# Broadway Class A1218



## searstractorfan (May 30, 2011)

Ok so Im the new guy and Im not very "smart" when it comes to the technical workings of these trains.... I bought a Class A 1218 from a guy at a train swap meet, it was supposedly new in box, looked like it and wheels show no marks....but anyways, I bought it and slapped it on the rails and she worked BEAUTIFULLY!!!! I had it pulling about 15 cars and she was just chugging along not even knowing they was their..but then I stopped and was adding some more, well between starting and stopping, it stopped working...Now when I bought it, the previous owner installed a sound chip with more sounds then the stock one, stock one was in the box...with that new chip it wouldnt go forward or back, but i reinstalled the old chip and it would go forward or back depending on how the chip was installed...So, do you think I burned up the circut board, or just killed the chips? It still moves smooth and the sound works on both chips...(ok their decoders not chips i know)...


----------



## Massey (Apr 16, 2011)

I have a BLI Class J engine which has the same basic decoder in it which is a QSI. They are pretty reliable all and all. but some times they need to be reset with the magnet wand. Do you have yours? If not get a rare earth magnet and wave it around the tender until you hit the switch that resets the decoder. If you are unsure of this check out BLI's website for the manual to the engine if you dont have one already.

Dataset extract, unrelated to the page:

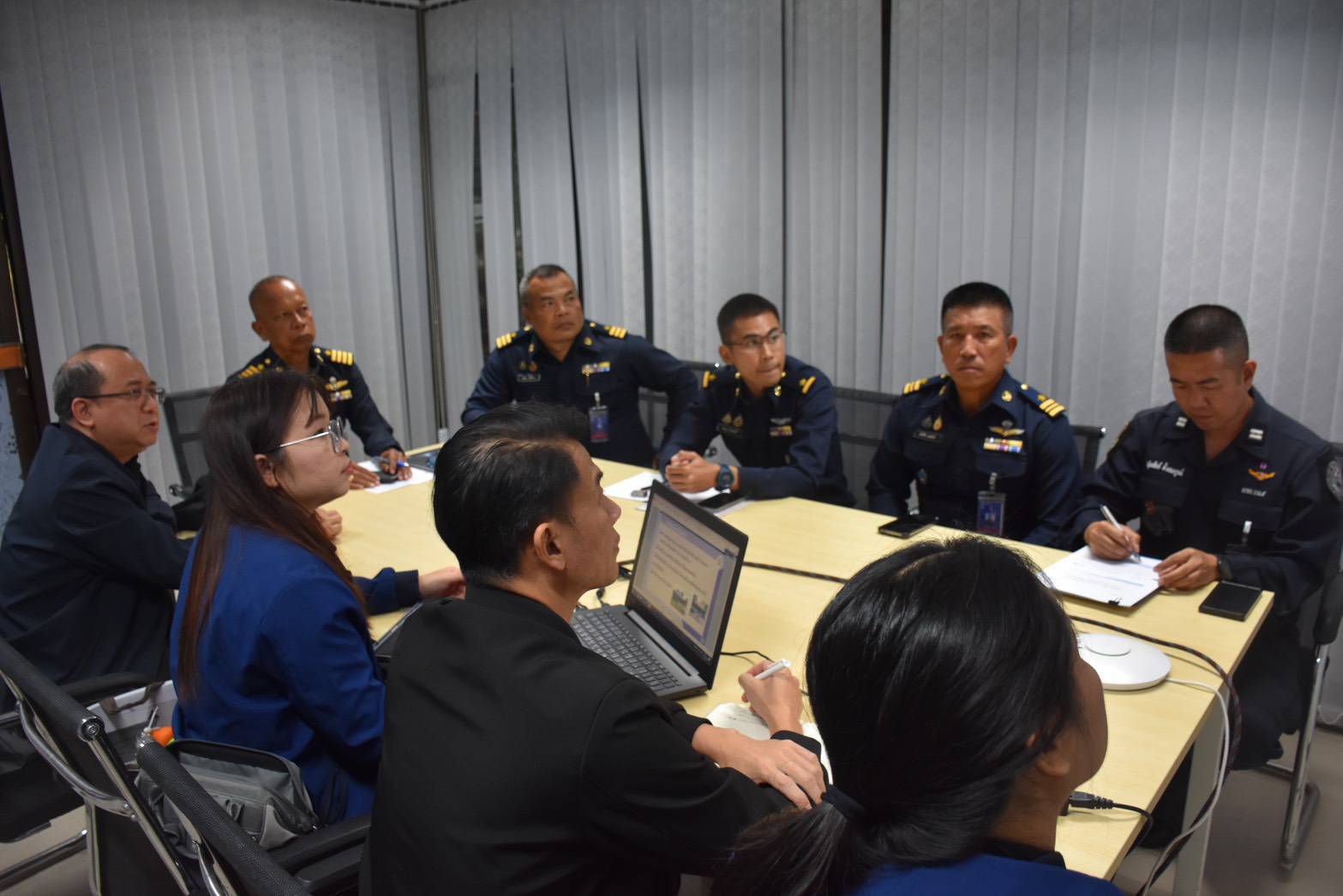 ภายหลังการตรวจสอบพื้นที่แล้วเสร็จ ได้มีการประชุมสรุปผลการดำเนินงาน โดยผู้เชี่ยวชาญได้ให้คำแนะนำและข้อเสนอแนะเกี่ยวกับแนวทางการบริหารจัดการคุณภาพน้ำ ตลอดจนการแก้ไขปัญหาที่เกี่ยวข้อง เพื่อให้การจัดการคุณภาพน้ำภายในกองบิน ๕ เป็นไปอย่างมีประสิทธิภาพและสอดคล้องตามเกณฑ์มาตรฐานที่กำหนด ณ ห้องประชุมกองบังคับการ กองบิน ๕ ตำบลเกาะหลัก อำเภอเมืองประจวบคีรีขันธ์ จังหวัดประจวบคีรีขันธ์ เมื่อวันที่ ๑๕ ธันวาคม ๒๕๖๘

Also are you running on DC or DCC? The QSI decoder is dual mode so it will run on either but with limited functionality on DC. Also if the decoder is set for DCC, running on DC may cause some issues unless it is reset. This is not supposed to happen but on the early runs of the 1218 and others with the QSI they were picky. 

Also check and double check the tender to loco connection, make sure all the pins in the loco's plug are not bent, also check to make sure none of the wires are comming loose from the plug and pulling out a little when you plug it in. This is not very common but I have had an engine do it to me so I know it can happen.


Hope this helps
Massey


----------



## searstractorfan (May 30, 2011)

hmmm I got some books in the box, ill see about this magnet thing..haha first time ive heard of that(Told ya Im new) I have my setup(its not a layout) running both, Im running the bachmann ez track and have the bachmann DCC controller, and their cheap DC controllers...I try to run the DCC controller when ever possible, and i was running the DCC controller when it "died"...the pegs in the engine dont look damaged, and its plugged in tight, pegs on the decoder chips look good, all the wires on the board looks good...SO im at a loss and had to ask questions.....


----------



## Massey (Apr 16, 2011)

Make sure that the DC power pack is not connected at the same time as the DCC unit. You will be able to run on the Bachmann DCC but you are going to be limited in what you can actually do with it in some cases. Do you have the older or newer Bachmann DCC? The older set could not set 4 digit addresses and that caused alot of problems with some decoders.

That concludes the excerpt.